Orion is a ginger tabby, about 10 months to a year old. He's got spunk and personality and a VOICE. Oh my gosh, does he ever love to talk! He was especially vocal yesterday morning because I had removed his food and water the night before and the poor guy was hungry and thirsty! From his perspective, he was being perfectly reasonable. And I must admit meowing "I'm hungry!" and "I'm thirsty!" is much preferred to knocking things over or tearing up furniture (or my leg)! But I had to resist the urge to give in. And yet as many times as I told him he couldn't have any food or water, he just wouldn't listen. Or maybe he couldn't understand.

I put Orion in the same cardboard carrier that we'd brought him home in for the ride back to BARC. We have a nice soft carrier that I use for trips to the vet, but I didn't want to leave it at the pound all day, and maybe not get it back. Of course, when I tried to explain that to Orion, he again did not understand.

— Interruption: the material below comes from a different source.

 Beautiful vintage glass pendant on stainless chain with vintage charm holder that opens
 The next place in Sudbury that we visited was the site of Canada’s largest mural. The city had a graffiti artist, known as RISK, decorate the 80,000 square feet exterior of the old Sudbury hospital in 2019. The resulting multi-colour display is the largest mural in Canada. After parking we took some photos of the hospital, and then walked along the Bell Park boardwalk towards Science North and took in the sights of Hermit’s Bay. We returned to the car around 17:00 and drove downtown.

The entire way to the facility (a 45 minute trip downtown), Orion cried. He cried and cried. He stuck his paw out through the tiny round holes in the cardboard carrier. He tried to stick his nose out of the holes, which worked about as well as you'd expect. And he would try to turn his head to stair out the hole at me. And all the time, he cried.

My heart broke. All Orion knew was that he was hungry and thirsty, and locked up in a dark cardboard box that smelled like the pound, cut off from his new mommy and being taken away from his new big brother. And I would shortly be dropping him off at the pound and leaving him there. WOE IS HE! How much horrible could life get? What did Orion do to deserve such treatment? He had done everything that he could to be a loving, happy kitty. He didn't attack the dogs, he didn't beat up the old cat. He slept well and purred lots and gave lots of love. He might have damaged a few of mommy's possessions beyond repair (*cough*DDR mat*cough*), but he was a good boy about using the litter box and he was learning not to attack the "bedmice" unless they were under 3 layers of blankets! What did he do that was worthy of such rejection?!

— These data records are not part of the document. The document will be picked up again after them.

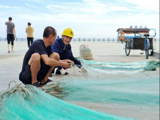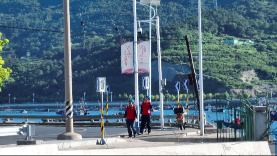 ▲9月1日开海前,大连供电公司长海县海洋岛供电所员工在巡查10千伏供电线路,确保海产品养殖和加工企业用电平稳。(关达摄)
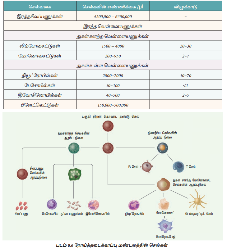 நோய்த் தடைக்காப்பு மண்டலம் ஒன்றை ஒன்று சார்ந்த பல செல்களால் ஆக்கப்பட்டுள்ளன. இச்செல்கள் நுண்கிருமிகள் மற்றும் புற்றுநோய் கட்டி செல்களின் வளர்ச்சி ஆகியவற்றிடமிருந்து உடலை பாதுகாக்கின்றன. வளர்ந்த மனிதனின் இரத்ததில் உள்ள செல் பொருட்களை அட்டவணை 8.4 ல் காணலாம்.
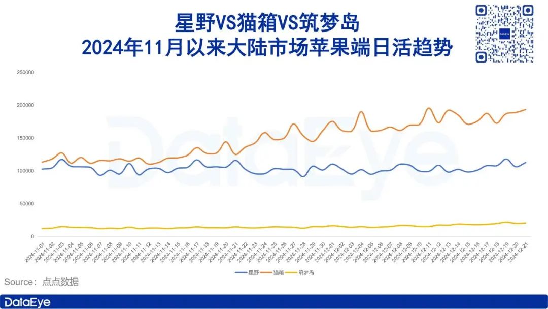 点点数据显示,星野在11月下旬至12月中旬,大陆市场苹果端下载量非但没有明显上升,反而有下降趋势,直至近日才有回升;日活数据与下载量基本一致,有轻微下滑。
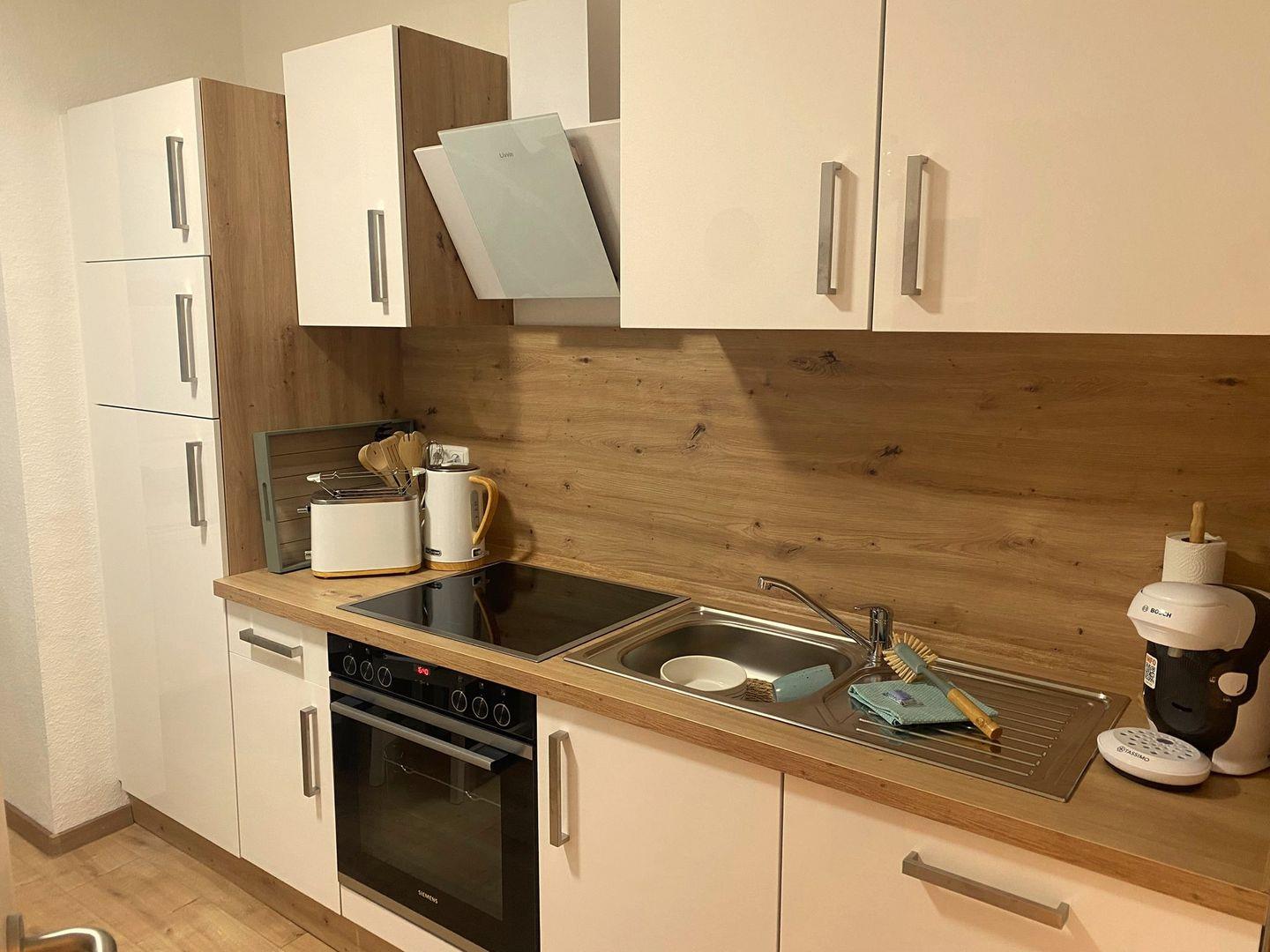 Die voll ausgestattete und helle Wohnküche mit Cerankochfeld, Backofen, Geschirrspüler und Essplatz lässt keine Hobbykoch-Wünsche offen. Ihren Kaffee können Sie „klassisch“ per Filter- oder spontan mit der Tassimo-Maschine zubereiten.

I wanted to tell Orion that it would be okay. To explain to him that I had his best interests at heart. I tried to tell him. But he just couldn't understand. So, I just listened to him cry and I offered a prayer for God to keep him safe. And then I dropped him off at BARC and promised him that I'd be back. Of course, he didn't understand.

As I drove away, a thought occurred to me. How often are we in the same position as Orion. We may not be closed up in cardboard boxes and taken to the pound to be neutered against our will, but there are no doubt times when we find ourselves spiritually thirsty, hungry for something we can't find, and lost in the darkness. Life is throwing us rotten fruit after rotten fruit. Nothing is going our way. We may have lost everything that we treasured in life, and we may not know what tomorrow will bring. Perhaps we even believe that God has abandoned us, and we wonder, what did we do to deserve this fate?

What I find interesting in this example is that just as Orion could not comprehend the bigger picture, we cannot always understand the plan that God has in store for us. He'd tell us, I think, if we could understand. But compared to God's omniscience, we are more simpleminded than a 2 week old kitten. We cannot understand God's plans because we are not God. We do not have the mental capacities to wrap our thoughts around all that He is and all that He knows. It's not that God has abandoned us, and it is not that God refuses to let us in on His great plan. I think the issue is simply that we are physically incapable of comprehending what He wants for His children.

Another interesting realization that I made is that when I drove Orion to the vet, I could not explain to him what was going on. I could not console him in terms that he understood. But I was there. I heard him cry out. And I cried with him. Is God not the same? When we cry in the darkness, He doesn't wave us off with a "Oh, you'll get over it." He cries with us. Even knowing what He knows, He cries with us, because we are crying.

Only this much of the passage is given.